A rough description of it would be: a helmet that monitors your brain activity and convert it into signals that can be used in a variety of ways.

Although games might be the first thought, the Expressive application particularly reminded me of a previous post by Ian Foster on a Second Life hack that allows the manipulation of objects in virtual worlds as a response to some physical process.

Thursday, February 21, 2008

Hadoop - now in larger scales!

Yahoo! just reported their new deployment of a Hadoop-based application. The achievement is considered to be the world's largest Hadoop deployment in a production environment.

The scale of the application is quite impressive. They used Hadoop to process the Webmap, as part of their search engine architecture. From their post (check their website for a video with some discussion about Hadoop in this context):

* Number of links between pages in the index: roughly 1 trillion links
* Size of output: over 300 TB, compressed!
* Number of cores used to run a single Map-Reduce job: over 10,000
* Raw disk used in the production cluster: over 5 Petabytes

I can even see the difference in the quality of the search results now. :-)

Update: Greg Linden also posted about the new Hadoop-cluster. It's nice that he puts the numbers above in perspective, by comparing to Google's infrastructure.

Tuesday, February 12, 2008

Interesting Articles: IPTPS 2008

For those interested in the convergence of Online Social Networks and Peer-to-Peer Systems, it is worth taking a look at some articles in the program of the International workshop on Peer-To-Peer Systems (IPTPS).

Tuesday, January 29, 2008

Taking photography to new heights

In 1906, some panoramic pictures of San Francisco after the big earthquake were taken. These were not ordinary pictures. George Lawrence used kites to place a camera at the right place to record the extension of the damage caused by the earthquake. Besides the historic value of the pictures, they are the outcome of a quite interesting engineering project.

Two years ago, Lawrence's project was revisited. Although they did not use kites this time, the picture is still impressive. They also have some interactive version that allows you to zoom in and see more details of the landscape.

Saturday, January 19, 2008

Scientific Data For All!

The Wired Blog is running a brief article about yet another Google's initiative. The idea is to provide storage, and as far as I understood, free access to scientific data sets.

One interesting point of the article is the following:

(Google people) are providing a 3TB drive array (Linux RAID5). The array is provided in "suitcase" and shipped to anyone who wants to send they data to Google. Anyone interested gives Google the file tree, and they SLURP the data off the drive. I believe they can extend this to a larger array (my memory says 20TB).

It sounds exciting that in the near feature, we might have access to a long list of data sets. Perhaps, under a standard API. If you like buzzwords, this might be named (if it is not the case already) -- Science in the Cloud. Despite the name they will give to this, this initiative can bring a long list of advantages for the the scientific community, I think.

Finally, I wonder when the RFC for the "suitcase-based transport protocol" will be available (similar to RFC 1149). :-)

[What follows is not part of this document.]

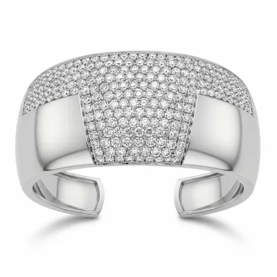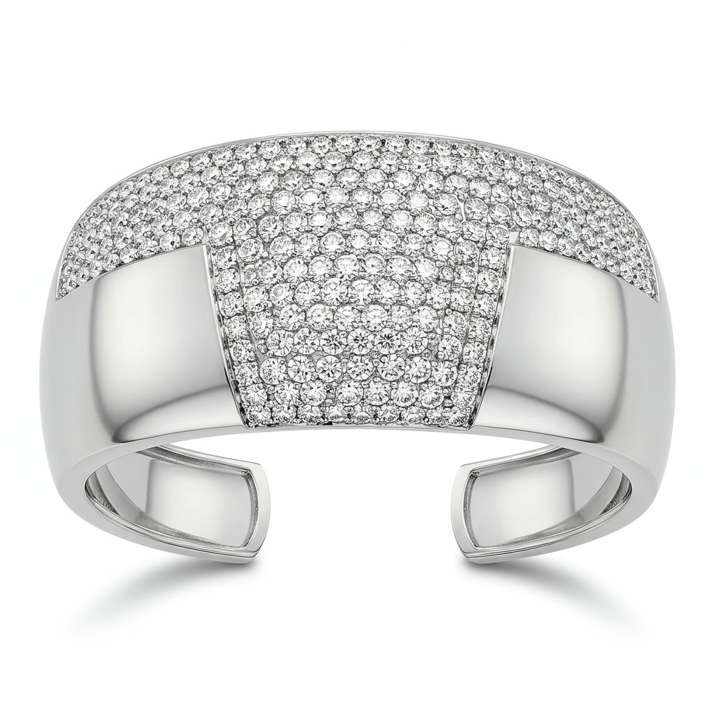 Experience the architectural brilliance of this diamond cuff bracelet, meticulously crafted in polished 18KT white gold. The bold, open structure provides a comfortable yet commanding presence on the wrist. Featuring 3.85 carats of VVS G-color round brilliant diamonds, each stone is precisely set to maximize brilliance and fire. This contemporary piece serves as the ultimate statement accessory for sophisticated evening wear and professional attire. It epitomizes modern luxury through exceptional craftsmanship and materials.

Tuesday, December 18, 2007

Content Sharing with Good Privacy Control

This is a follow up on the previous post.

Open Tag is a tool where users do have the option to select what is private and to which degree. Moreover, users may withdraw completely from the system by removing their activity traces.

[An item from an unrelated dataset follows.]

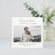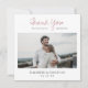This simply stylish wedding thank you card features words of thanks above your favourite photo and your first names and date below it. We've chosen a warm, modern script and an elegant shade of rose gold for 'Thank You' and added 'for sharing our special day' underneath, with that line separated by the the loop of the 'Y', enhancing its relaxed, intimate charm. This message makes this card particularly well suited to expressing your thanks specifically to those who were able to attend your wedding party. You can edit it to express a more general message of thanks, but the nature of the design might limit your options as far as appearance goes, depending on how long your desired message is and how the words can be arranged with the 'Thank You' above them. The text is a very dark grey that is in fact mostly black. You can of course change this to any colour that suits your style and your day, be it true black or another hue. You can also choose a different font for any or all of the text. You might even want to change the thank you wording or other text to something completely different. We've chosen a transparent background, which lets the colour of the card simply serve as the base tone, but you can choose a colour instead. Similarly, on the back we've used the same very dark grey tone on a transparent base, and we've put some placeholder text there for you to delete and replace with your own message, with or without your names, if you want to sign by hand when you get the cards. But you might also simply choose to delete our placeholder text and leave the back entirely blank so that you can write a message by hand on each card and sign your names. In any case please do remember that there's placeholder text on the back as well and to delete all of our sample/placeholder text on both sides of the card! Use the intuitive design tools, your favourite photo and your inspiration to make this chic modern wedding thank you card uniquely yours!

Wednesday, December 12, 2007

Privacy is on the news!

These days, online privacy have attracted a great deal of attention in technology media [3][4]. Perhaps, the online privacy topic is an old concern in some specific conversation/technology/academic circles, but privacy control was apparently dragged to the general public attention more recently due to the surge of online social networks.

It was interesting to see that online service providers as Ask.com is try to sell privacy control as one feature that differentiates them from their competitors [1].

Although there is an interest in the market to raise some awareness about privacy and to allow users to control the access to their online footprints [2], there is a question whether this will attract more consumers or not.

Regardless, I think the user must have the option of fine tunning the disclosure of his/her explicit and implicit online "footprints". Moreover, I believe that certain domains could benefit from systems designed around the high-level concept of online social networking, if better privacy control capabilities are put in place.

References

[1] Ask Eraser. http://sp.ask.com/en/docs/about/askeraser.shtml
[2] Attention Trust. http://www.attentiontrust.org.
[3] Will Privacy Sell?. Slashdot.org. December, 11, 2007.
[4] Evolving Privacy Concerns. MIT Technology Review. December, 11, 2007.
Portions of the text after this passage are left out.